The relisting of certain drugs provides another basis for an orange-to-purple comparison. Several prescription drugs previously listed in the Orange Book are now listed in the Purple Book [6]. More specifically, in March 2020, the FDA followed a congressional mandate and transferred certain drugs that had been approved under NDAs, reclassifying those NDAs as BLAs, while preserving their application numbers [10]. That transfer included insulins, which are widely prescribed, life-saving drugs. The relevant drugs were accordingly transferred from the Orange Book to the Purple Book and became subject to the Purple Book’s less-demanding requirements for patent disclosure [11]. By comparing NDA numbers from the October 2019 edition of the Orange Book—the last edition published before the transfer—to BLA numbers listed in the November 2023 version of the Purple Book, we found 57 drugs that were moved, including human growth hormone, chorionic gonadotropin, and insulin. When those 57 drugs were listed in the Orange Book, 29 (50.9%) of the Orange Book’s listings for those drugs disclosed patent information [9]. But after those 57 drugs were moved to the Purple Book, not one of the Purple Book’s listings for those exact same drugs disclosed patent information [4–6].
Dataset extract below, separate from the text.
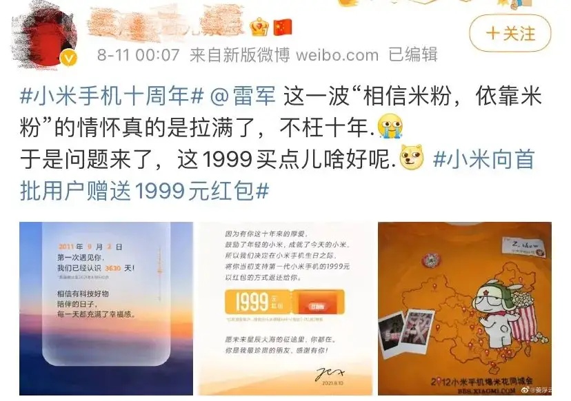 繼小米十周年發布會后,雷軍在小米新品發布會暨2021年度演講中,宣布回饋十年前第一批選擇小米1手機的18.46萬名用戶,向他們贈送與當年小米1售價相當的1999元紅包,總計約3.7億元。此舉立刻引得不少小米用戶回憶起搶購米1、參加“爆米花”同城會的情景。
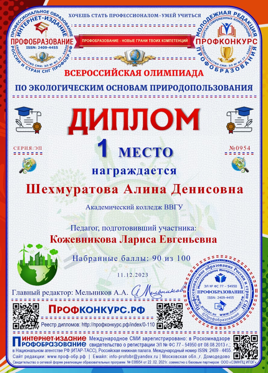 Всероссийская олимпиада по экологическим основам природопользования Всероссийский 11.12.2023 1 место или гран-при Диплом

As before, this dearth of patent disclosure in the Purple Book cannot be due to patent expiration. Those 57 drugs, when listed in the Orange Book, identified a total of 325 patents, of which 72 patents expired before November 30, 2023, and 58 patents expired between October 31, 2019 (the approximate date of the Orange Book edition used in this study), and November 30, 2023 (the approximate date of the Purple Book edition used in this study) [9]. Thus, the vast majority of those 325 patents (77.8% or 82.2%, depending on which expiration metric, 72 or 58, is used) were unexpired as of the publication of the November 2023 edition of the Purple Book used in this study.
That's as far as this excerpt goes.